Llegamos a sospechar, así, que hay dos maneras muy distintas de leer una novela o de ver una película. Una consiste en interesarse por otras situaciones, otros comportamientos, otras maneras de esperar, de desear, de alegrarse y de sufrir como si se tratara de costumbres exóticas, de curiosidades etológicas o etnológicas. Podemos, en efecto, considerar lo que sucede en una novela o una película de la misma manera en que Espinoza consideraba los combates de arañas o de hormigas. La literatura y el cine pueden tener ese valor documental: el duque de Saint-Simon puede enseñarnos como era el Itinerario de París a Jerusalén, las novelas de Giorgio Bassani pueden enseñarnos como era la vida de la burguesía judía en Ferrara en los años treinta. En esta función documental, el cine parece tener mucha mayor eficacia que la literatura, puesto que la visión global de los más mínimos detalles nos hace comprender mucho mejor que cualquier descripción, siempre incompleta. Y, en efecto, un reportaje cinematográfico nos enseña sin duda mucho más sobre el Oriente Medio que el Itinerario de Paris a Jerusalén o los recuerdos del viaje de Maxime du Camp.
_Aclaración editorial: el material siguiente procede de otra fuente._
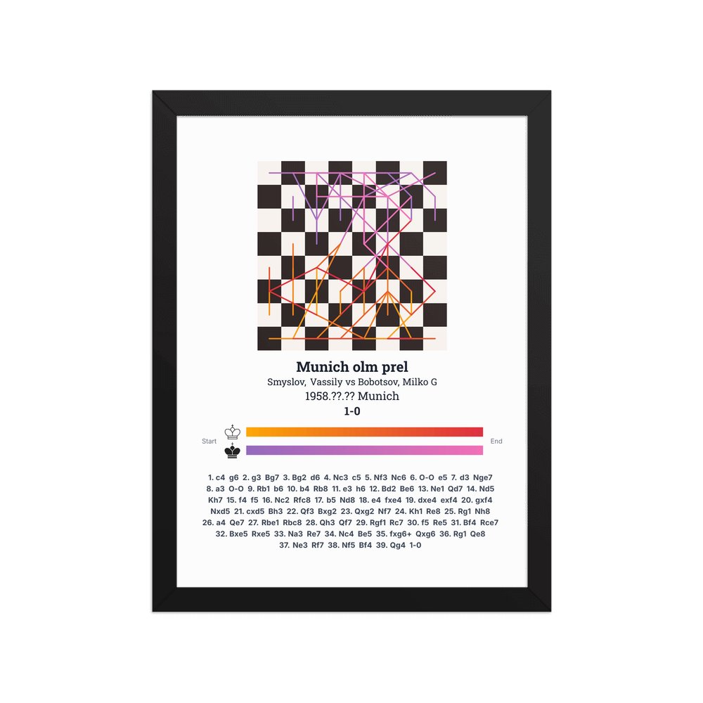 Museum-quality poster on thick, durable matte paper. A sharp, clean look for any chess visualisation.

Igualmente, un documental sobre los años diez en Massachussets o en Connecticut nos hace entender muchas cosas más que todas las novelas de Henry James o de Scott Fitzgerald.
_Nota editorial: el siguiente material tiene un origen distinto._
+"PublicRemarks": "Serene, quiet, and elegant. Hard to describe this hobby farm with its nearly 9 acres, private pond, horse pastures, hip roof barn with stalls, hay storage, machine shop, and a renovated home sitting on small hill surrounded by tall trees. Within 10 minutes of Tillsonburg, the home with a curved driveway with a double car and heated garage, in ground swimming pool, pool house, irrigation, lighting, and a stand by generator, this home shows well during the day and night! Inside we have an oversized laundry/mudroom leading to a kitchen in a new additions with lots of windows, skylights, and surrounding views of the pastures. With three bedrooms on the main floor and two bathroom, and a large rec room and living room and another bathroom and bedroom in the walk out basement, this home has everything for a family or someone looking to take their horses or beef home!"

Pero, así como nadie se hace africano al haber visto las danzas de iniciación en Malí, y nadie va a casarse en Moldavia por haber visto un reportaje de como se celebran sus bodas, tampoco nadie se ha hecho religioso por haber leído o visto un documental sobre los conventos, o nadie se ha vuelto mas activo o trabajador al contemplar como se trabaja en la Ford o en las aldeas soviéticas. Así es como, en su función informativa, la literatura o el cine no nos hacen mejores o peores al enseñarnos cosas buenas o malas. Por consiguiente, el asunto, el tema, el argumento no es lo que importa en ellos. Al informar o instruirnos, solo nos hacen menos fanáticos, menos toscos, mas indulgentes, mas compasivos, al hacernos experimentar la relatividad de nuestros usos y costumbres, la precariedad de toda situación, el universal desasosiego de la humanidad y que suerte siempre efímera supone un domingo en la historia.

Además, al hacernos sentir a través de cien mil detalles significativos como se desarrollaba la vida cotidiana en la República de Weimar, una película puede hacernos entender como se hizo posible su eliminación por la mayoría del pueblo alemán. Al mostrarnos como eran las vidas cotidianas de un árabe y de un europeo en Argelia hace cuarenta anos, es muy probable que lleguemos a entender por que se produjo la guerra de Argelia, sin quitarle quizá la razón a ninguno de los protagonistas. Así es como la literatura y el cine pueden efectivamente enseñarnos la vida, haciéndonos entender cuán injustos son todos los conflictos, aunque hayan sido armados siempre por la justicia.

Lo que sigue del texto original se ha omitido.